I’m working with a PostgreSQL query where I need to extract the main domain (including the second-level domain and top-level domain) from URLs. However, the current approach using REGEXP_MATCH or SUBSTRING doesn’t handle all cases correctly.

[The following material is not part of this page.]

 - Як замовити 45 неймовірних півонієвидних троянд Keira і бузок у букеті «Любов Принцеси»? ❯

For example, it fails to parse URLs like {www.paylink.fr:443} (which should be paylink.fr) and {api.ornage.com} (which should be ornage.com)
SELECT
"Payments"."Id",
REGEXP_MATCH("ClientRedirectUrl", '^https?://(?:[^/]+\.)?([^/]+)') AS "PaymentDomain",
REGEXP_MATCH("ClientUri", '^https?://(?:[^/]+\.)?([^/]+)') AS "ClientDomain",
REGEXP_MATCH("Site", '^https?://(?:[^/]+\.)?([^/]+)') AS "UserDomain"
FROM
"public"."Payments"
LEFT JOIN "public"."AppUsers" ON "Payments"."UserId" = "AppUsers"."Id"

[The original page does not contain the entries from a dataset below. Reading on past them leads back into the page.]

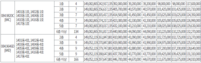 전용면적별 가구 수는 △59㎡A 563가구 △59㎡B 139가구 △59㎡C 201가구 △59㎡D 87가구 △84㎡A 185가구 △84㎡B 207가구 △84㎡C 166가구 △84㎡D 197가구로 구성된다.
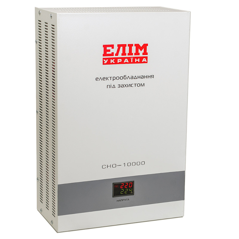 Стабілізатор напруги СНО-10000 — призначений для захисту побутових і промислових електроприладів від різких і значних стрибків напруги та збоїв подачі енергії у мережі. Необхідний для пристроїв, які потребують надійного електроживлення, збої в роботі яких, можуть вивести з ладу, привести до аварійної ситуації, пошкодження майна, зупинки технологічного процесу.
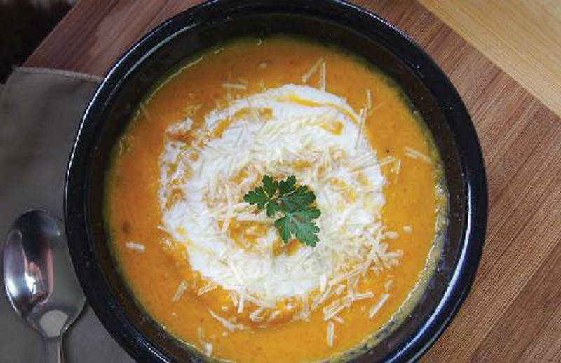- Add pumpkin, sweet potato, carrots and vegetable stock, stir then cover and simmer for 20 minutes.
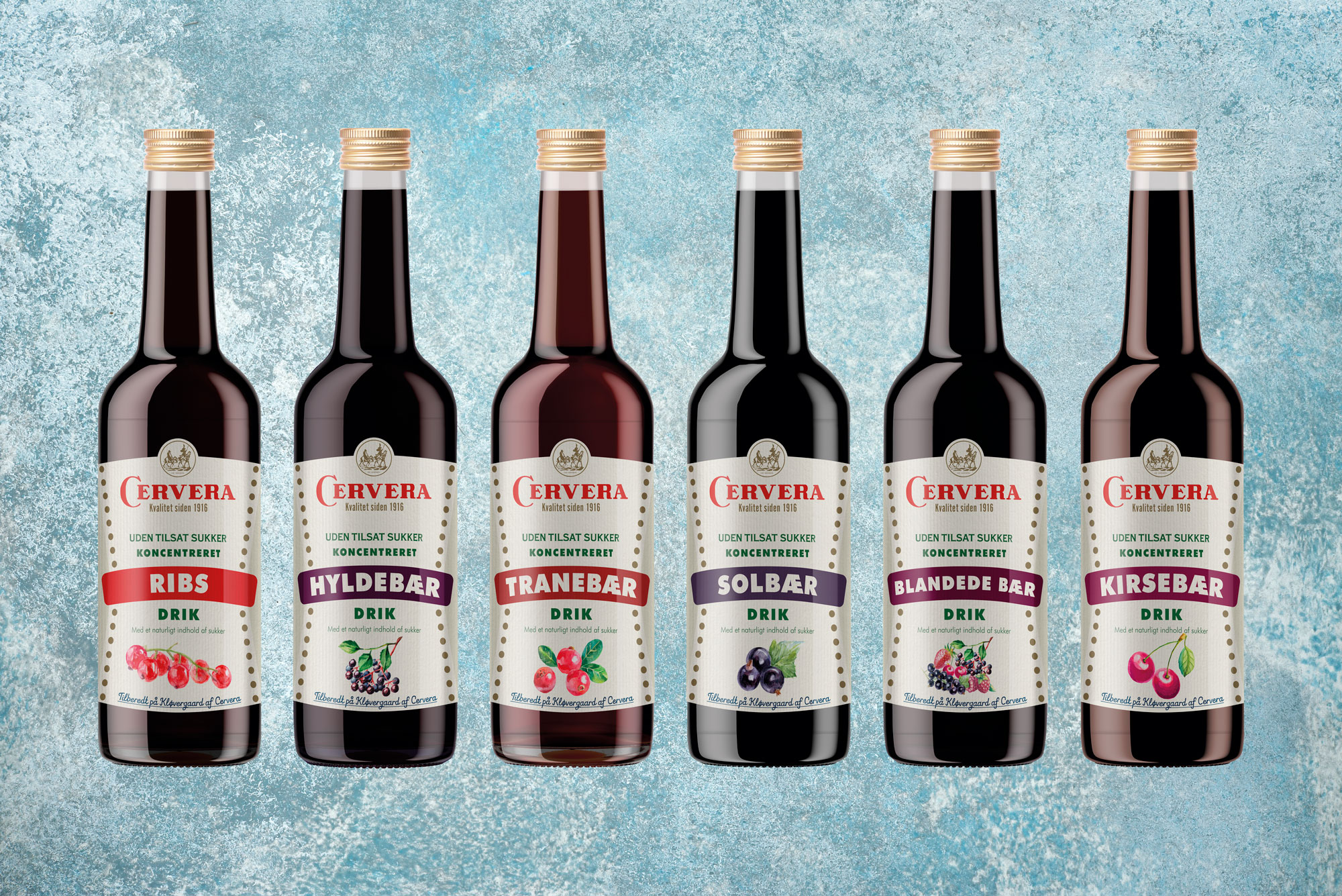 Cerveras koncenterede safter uden tilsat sukker er ikke-drikkeklare safter med et naturligt indhold af sukker.

LEFT JOIN "public"."Clients" ON "Payments"."ClientId" = "Clients"."ClientId"
WHERE
"PayDate" >= (NOW() + INTERVAL '-3 day')
SELECT
"Payments"."Id",
SUBSTRING("ClientRedirectUrl" FROM '^https?://(?:[^/]+\.)?([^/]+)') AS "PaymentDomain",
SUBSTRING("ClientUri" FROM '^https?://(?:[^/]+\.)?([^/]+)') AS "ClientDomain",
SUBSTRING("Site" FROM '^https?://(?:[^/]+\.)?([^/]+)') AS "UserDomain"
FROM
"public"."Payments"
LEFT JOIN "public"."AppUsers" ON "Payments"."UserId" = "AppUsers"."Id"
LEFT JOIN "public"."Clients" ON "Payments"."ClientId" = "Clients"."ClientId"
WHERE
"PayDate" >= (NOW() + INTERVAL '-3 day')
How can I modify this query to correctly extract the main domains without any subdomains, ports, or query parameters?
Here is a sample of unparsed value:
ClientRedirectUrl: https://sonyco.it/wc-api/WC_paylink/?wc_order=673927
ClientUri: https://www.sonyco.it
Site: https://yzx80.paylink.net/